On 29 October 2019 the Northumberland's Company began rehearsals, beginning preview performances on 7 December before opening Romeo and Juliet on Friday 13 December and Much Ado About Nothing on Saturday 14 December. Romeo and Juliet (directed by Miles Gregory) was a brand new production of the play, starring Darcy Kent and Jess Hong in the title roles, with an eclectic mix of Jacobean dress and track-suited 'hoodies' as attendants, with the Capulets' masque a lavish fruit-themed party where the lovers first meet with Romeo dressed as a banana and Juliet as a giant strawberry. Much Ado About Nothing starred Renee Lyons and Rutene Spooner as Beatrice and Benedick and was a revival of Miriama McDowell's 2017 Pasifika-themed production but with an entirely new cast except for Theo David reprising his performance as Claudio. The two productions played in repertory until finally closing on Sunday 1 March 2020 after a combined total of 82 performances to audiences of approximately 40,000.

The Farewell Season also featured daytime performances of the Stage Company's A Children's Midsummer Night's Dream after its success during 2019's Winter Season, and four performances of All's Well That Ends Well by the Pop-up Globe Youth Theatre Company. The many strands of Pop-up Globe's Youth Theatre classes also combined for one night in December to present King Lear with different sections of the play performed by different age groups.

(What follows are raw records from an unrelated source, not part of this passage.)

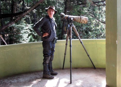 Alec Gillespie with camera gear. Camera, lens, tripod and associated accessories weigh around 14kg! Rather more than I’m prepared to lug around tropical forests I’m afraid, but he does produce some superb photos.
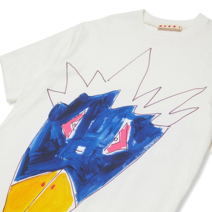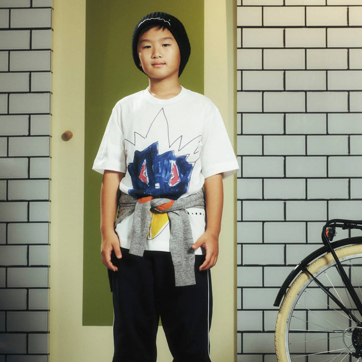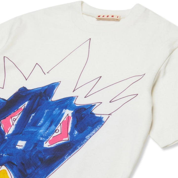 Add a cool, contemporary touch to your childs wardrobe with this new-season Marni Kids T-shirt. Crafted from soft 1% cotton in light grey, it features a bold logo and graphic print at the front. The classic round neck and short sleeves make it a comf
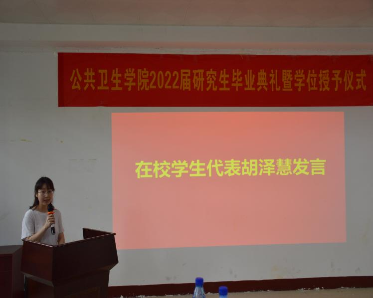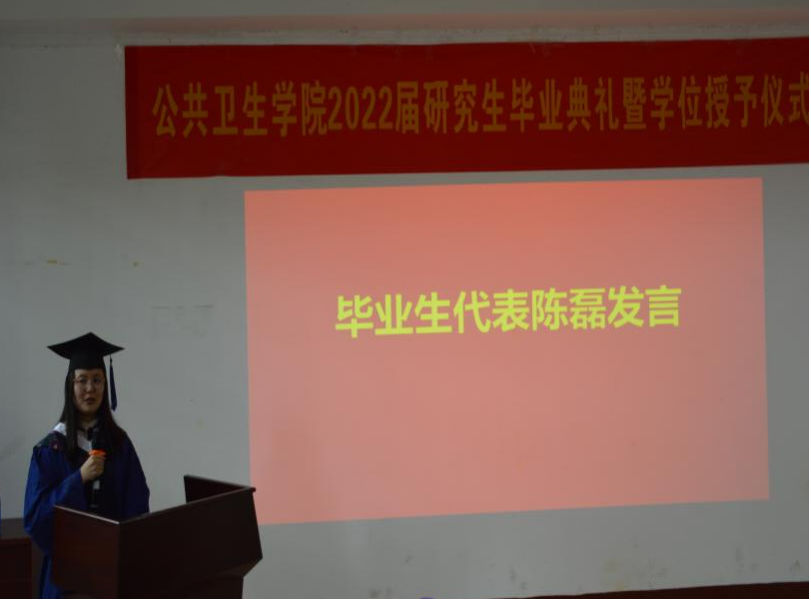 随后,毕业生代表陈磊,在校学生代表胡泽慧发言。陈磊回望研究生3年披星戴月的拼搏时光,南华有太多深情镌刻的记忆,这些都将成为人生旅途弥足珍贵的牵挂和陪伴。陈磊表示,她们一定会坚守公卫人的使命,为祖国的现代化事业贡献出自己的力量。胡泽慧向2022届顺利完成学业的师兄师姐们,表示了最热烈的祝贺和最真挚的祝福,同时也对师兄师姐们两年来帮助表示感谢。并表示定将传承best365英国在线体育的精神,从容面对未来科研生活,带好下一届师弟师妹。
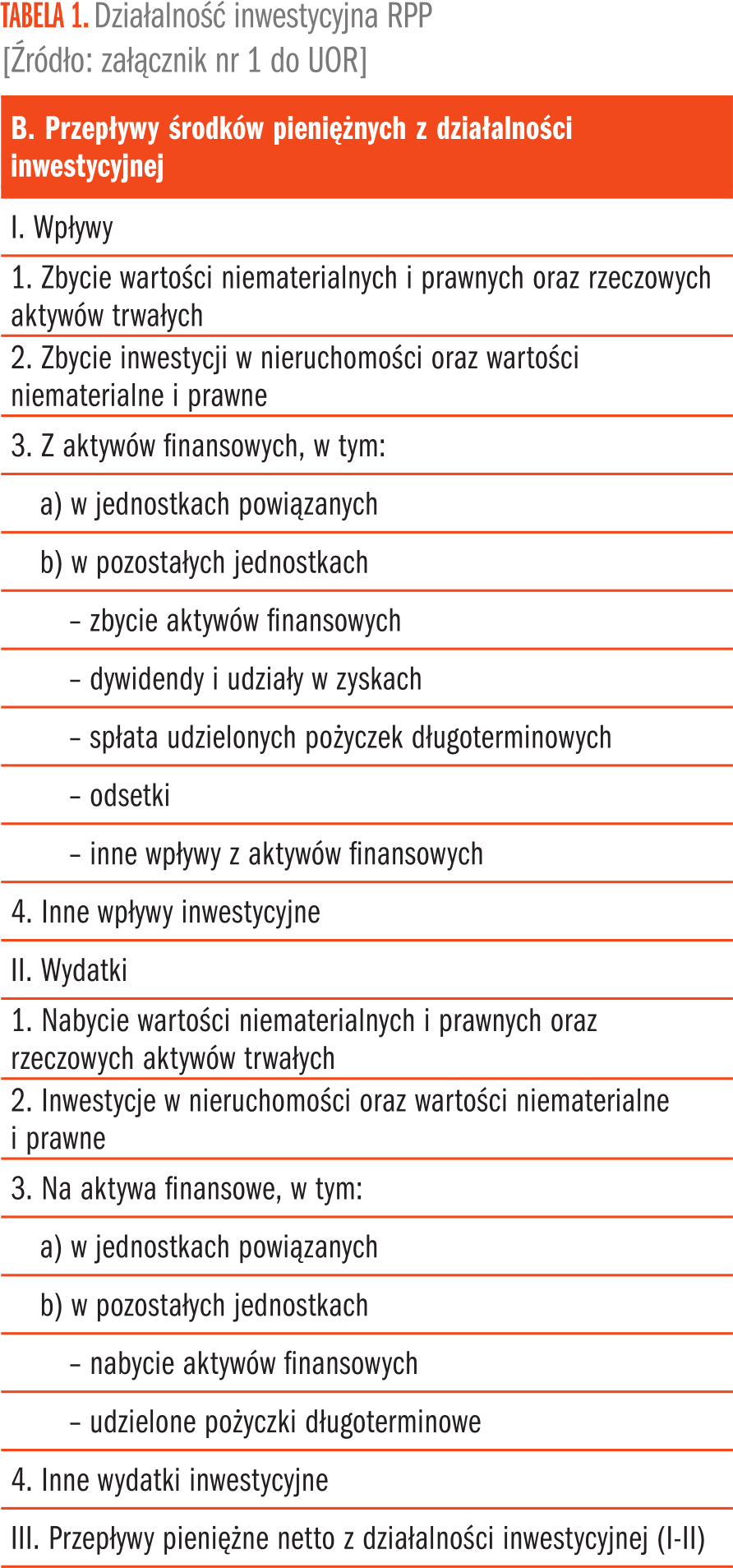 Druga część rachunku przepływów pieniężnych (RPP) to grupa B, czyli „Przepływy środków pieniężnych z działalności inwestycyjnej”. Obejmuje ona przede wszystkim przepływy związane z nabyciem i zbyciem środków trwałych, wartości niematerialnych i prawnych, środków trwałych w budowie, a także inwestycji długo- i krótkoterminowych, za wyjątkiem inwestycji krótkoterminowych kwalifikowanych do pozycji bilansu B III 1c) środki pieniężne i inne aktywa pieniężne1. Wzór rachunku przepływów pieniężnych zawiera załącznik nr 1 do ustawy o rachunkowości (dalej UOR) – Zakres informacji wykazywanych w sprawozdaniu finansowym, o którym mowa w art. 45 ustawy, dla jednostek innych niż banki, zakłady ubezpieczeń i zakłady reasekuracji2. Szczegółowe zasady sporządzenia RPP określa Krajowy Standard Rachunkowości nr 1 Rachunek przepływów pieniężnych3, dalej KSR.

The third and final production of Pop-up Globe's Farewell Season was the first time a new play had been performed in the playhouse: after securing a licence for its southern hemisphere debut, Pop-up Globe presented the New Zealand premiere of Morgan Lloyd Malcolm's play Emilia, 18 months after its debut at Shakespeare's Globe in London and subsequent West End run. Pop-up Globe's production of Emilia was presented by the all-female Irihapeti Company and directed by Miriama McDowell. Emilia was the last production to perform at the Ellerslie playhouse, opening on Thursday 5 March 2020 amidst growing public concern about the approaching COVID-19 pandemic.

Government restrictions on mass gatherings as New Zealand began experiencing its first cases of the pandemic meant that the performance of Emilia on Sunday 15 March ended up being its last and the rest of the season was prematurely curtailed as the whole of New Zealand went into lockdown.

The company was put into liquidation a year later in March 2021, as it could no longer operate with no income or touring for the foreseeable future.